Shikhlinskaya was the daughter of enlightener Huseyn Afandi Gayibov. Having graduated from the Transcaucasian Female College with a gold medal in 1889, she became the first Azerbaijani woman to obtain a higher education. Shikhlinskaya was widowed after the death of Dervish-bek Palavandov of Georgian nobles. On October 27, 1909 she married Colonel and eminent Azerbaijani commander Aliagha Shikhlinski and the couple returned to Tsarskoye Selo.

== The war ==
On August 2, 1914 Nigar followed Shikhlinski to the Guards' Staff of Petersburg Military District. Some time later, Nigar was elected the head of the Ladies' Committee at the Officers' Artillery School. The associated hospital became commonly known as Shikhlinskaya Hospital. Nigar maintained correspondence with her husband in verses, which they dedicated to each other. In his memoirs, Shikhlinski recalls that Nigar wrote letters home for wounded soldiers in two foreign languages (apart from Russian) and was referred to as Mom (Mamasha) by the soldiers. In 1916, Nigar's close relative, Farrukh Gayibov, one of the first combat pilots, died in an air battle. On March 10, 1920 Shikhlinski as Deputy Defense Minister of Azerbaijan Democratic Republic founded the Azerbaijani Red Crescent Society, with Nigar becoming the pioneer nurse there.

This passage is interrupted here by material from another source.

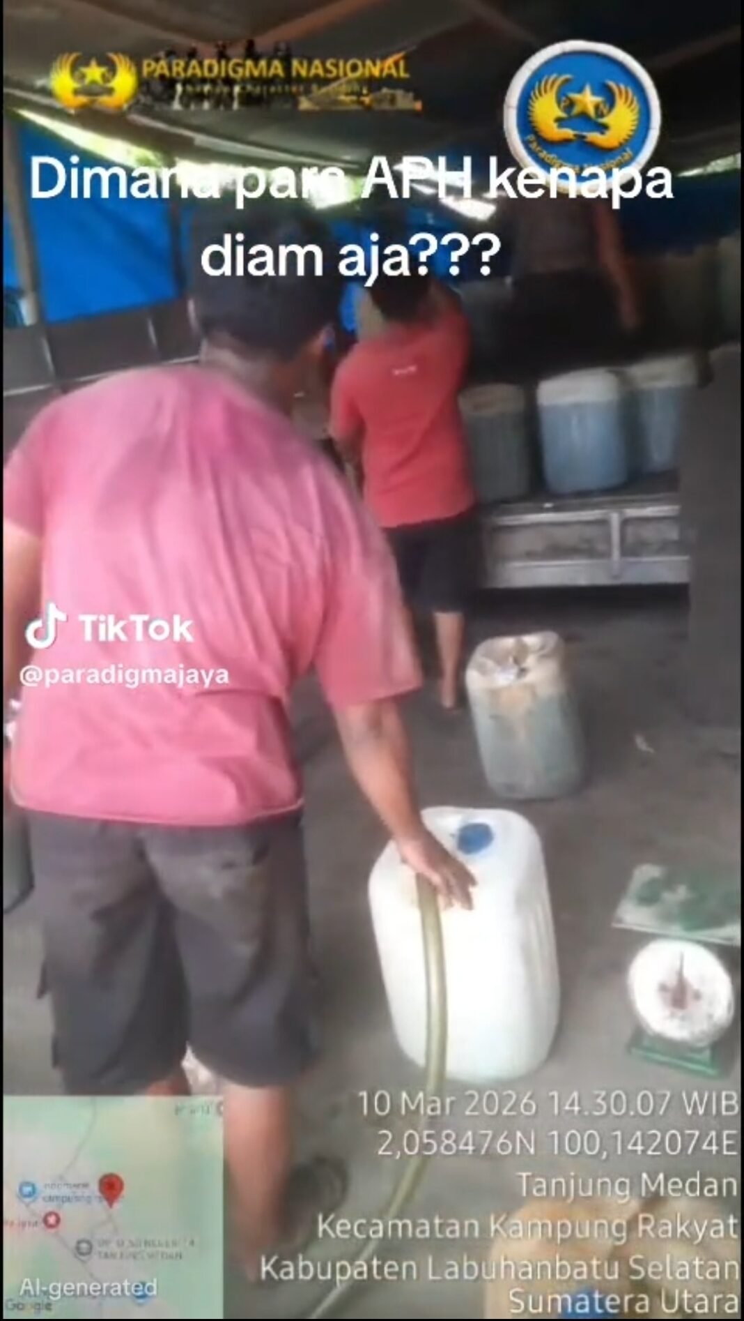 Pasalnya, dalam video yang diunggah media online Paradigmanasional.id di akun tiktoknya, menunjukan, adanya aktifitas sejumlah pria dengan banyaknya jeregen dan babytank, serta mobil pick up dan truk fuso, juga saat satu unit sepeda motor dengan muatan jeregen berada di lingkungan halaman sebuah rumah. Dalam video tersebut, penunjukan lokasi jelas berada di Dusun Tanjung Mulia, Desa Tanjung Medan, Kecamatan Kampung Rakyat, Kabupaten Labuhanbatu Selatan, Sumatera Utara, pada tanggal 10 Maret 2026, dan sudah beredar luas.

In his memoirs, Shikhlinski wrote: "The death of my wife... was a fatal blow for me. Everything has gone away with my wife—both happiness and health". His other quote is "count my death date from Nigar's demise". It is uncertain whether or not Shikhlinskaya had any children. In his article "The Life of General Ali Agha Shikhlinski" Lieutenant Colonel and senior scientific employee Shamistan Nazirli of the Azerbaijani Defense Ministry included a photo, made early in the 20th century, where she is said to be with a son.